ElectRay's ZEVonUDS Stack and UDS Stack are aligned with SAE J1979-3, AIS-189, and UNECE R155 requirements, providing production-ready EV diagnostic and cybersecurity-compliant implementations for Indian and export market programs. 

Conclusion 

UDS (ISO 14229) is the diagnostic foundation of modern automotive engineering. From ECU development and EOL testing through field service, OTA update validation, and AIS-189 post-production monitoring, every stage of the vehicle lifecycle depends on a correctly implemented, production-grade UDS stack. As vehicles become more software-defined, UDS implementations must evolve: supporting DoIP for Ethernet-based architectures, ZEVonUDS extensions for EV-specific parameters, HSM-backed security for AIS-189 compliance, and ODX-based configuration for diagnostic data portability. SOVD is the horizon for AUTOSAR Adaptive programs. 

ElectRay's UDS Stack, ZEVonUDS Stack, OBDonUDS Stack, and Secure Flash Bootloader provide a complete, production-grade ISO 14229 diagnostic ecosystem for OEMs and Tier-1 suppliers across passenger EVs, commercial and motorcycle.

Frequently Asked Questions About UDS Diagnostics 

What is the difference between UDS and OBD? 

OBD-II (SAE J1979) is a regulatory emissions diagnostic standard accessible to any scan tool through the standard OBD port. UDS (ISO 14229) is the full engineering diagnostic protocol used by OEMs and suppliers for development, EOL testing, service, and OTA updates. OBD covers only emission-related parameters; UDS covers all ECU functions. From 2027, US vehicles must implement OBDonUDS (SAE J1979-2), which runs OBD emissions diagnostics on top of the UDS architecture. 

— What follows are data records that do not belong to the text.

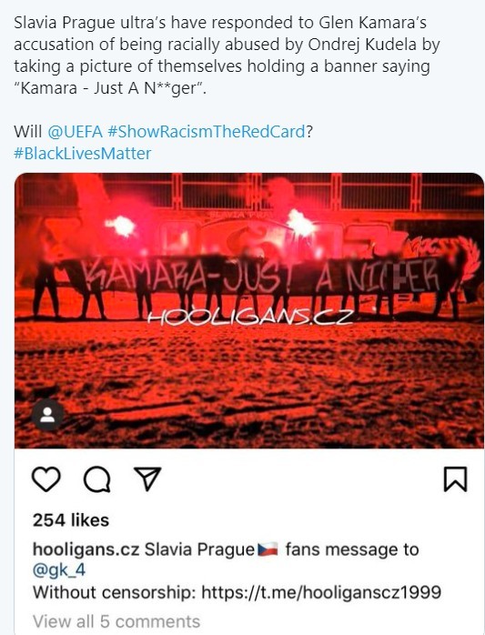 Οι οπαδοί της Σλάβια Πράγας πήραν το μέρος του παίκτη της ομάδας τους, Όντρεϊ Κούντελα και με ένα εμετικό πανό τα έβαλαν τον Γκλεν Καμαρά της Ρέιντζερς.
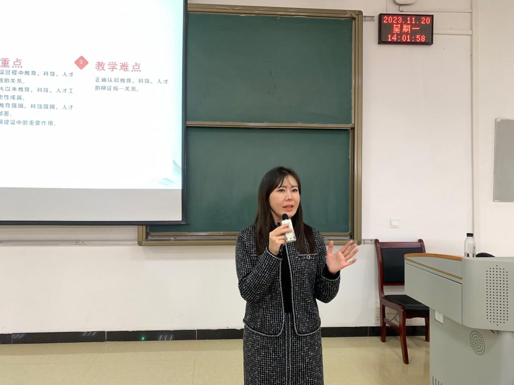肖雪以“加快建设教育强国、科技强国、人才强国”为主题,从“加快建设教育强国”“铸就强国建设的坚实基础”“教育强国、科技强国、人才强国的战略部署”“充分发挥高校的重要作用”四个方面展开,讲解了教育在现代化建设的作用;科技创新是国家发展的重要动力;教育、科技、人才是全面建成社会主义现代化国家的战略性支撑;聚焦办学方向,加强教师队伍建设,始终坚持党的全面领导。教育强,则科技强,科技强国必须靠教育强国和人才强国支撑。二十大报告提出,深入实施人才强国战略,坚持尊重劳动、尊重知识、尊重人才、尊重创造,完善人才战略布局,加快建设世界重要人才中心和创新高地,着力形成人才国际竞争的比较优势,把各方面优秀人才集聚到党和人民事业中来。肖雪着重介绍构建新发展格局,实现高质量发展,离不开高水平科技自立自强,离不开国家战略人才力量的有力支撑,优先还是要办好人民满意的教育。
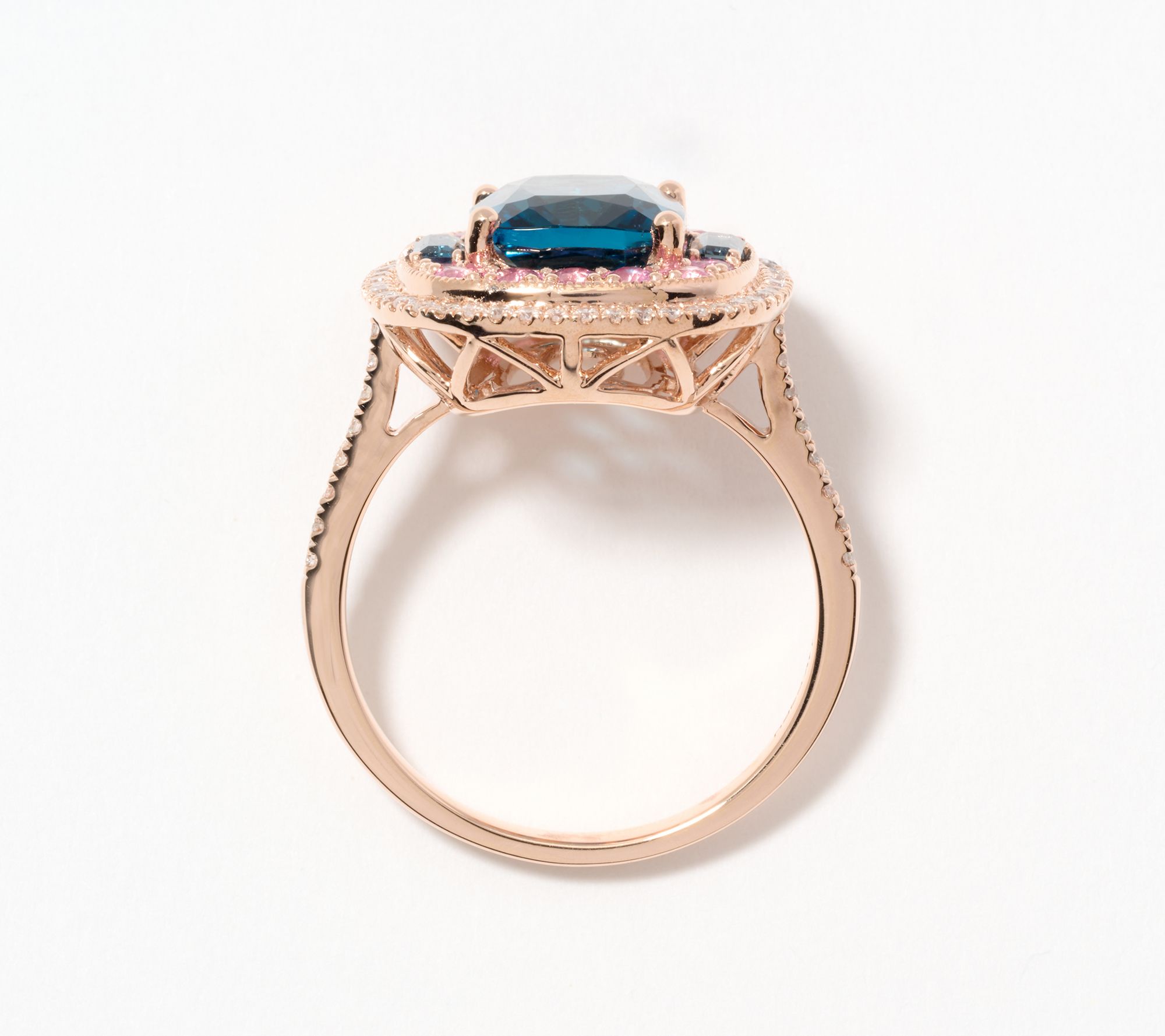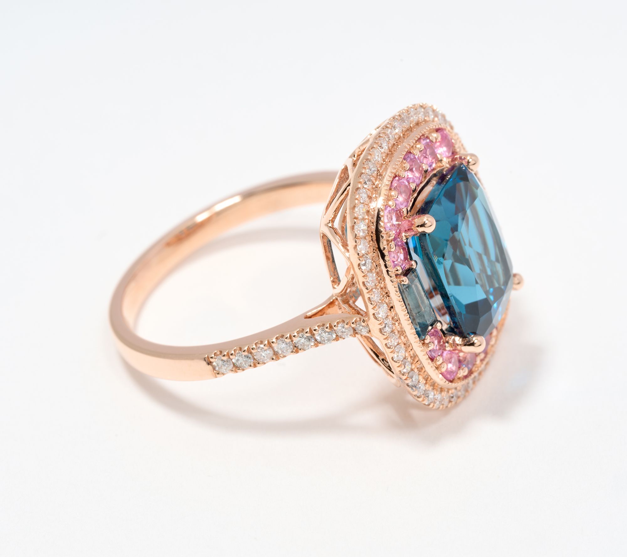 Cushion-cut London blue topaz center stone; pink sapphire and London blue topaz side gemstones; diamond halo; polished finish

What transport layers does UDS support? 

UDS (ISO 14229) is transport-layer independent. It operates over CAN via ISO-TP (ISO 15765-2), over Automotive Ethernet via DoIP (ISO 13400), over LIN (ISO 17987), and over FlexRay (ISO 17458). In modern SDV platforms, DoIP over Automotive Ethernet is becoming the primary diagnostic transport due to its higher bandwidth, parallel ECU access, and native IP addressability for remote diagnostics. 

What is a UDS Negative Response Code (NRC)? 

An NRC is a one-byte value returned by the ECU when it cannot process a UDS request. The negative response message format is 0x7F (negative response SID) + original request SID + NRC byte. Common NRCs include 0x22 (conditionsNotCorrect: ECU pre-conditions not met), 0x31 (requestOutOfRange: DID or parameter not supported in active session), 0x35 (invalidKey: wrong seed-key response), and 0x36 (exceededNumberOfAttempts: security lockout activated). See the NRC table above for the complete reference. 

What is the difference between UDS and SOVD? 

UDS (ISO 14229) is the established diagnostic protocol for AUTOSAR Classic ECUs, using binary service requests over CAN or DoIP. SOVD (Service-Oriented Vehicle Diagnostics) is the next-generation framework for AUTOSAR Adaptive platforms, using RESTful API calls over Ethernet for diagnostic access. SOVD enables cloud-native and remote diagnostic integration without requiring a UDS gateway. Both protocols will coexist during the SDV transition period as AUTOSAR Classic and Adaptive architectures run in parallel within the same vehicle.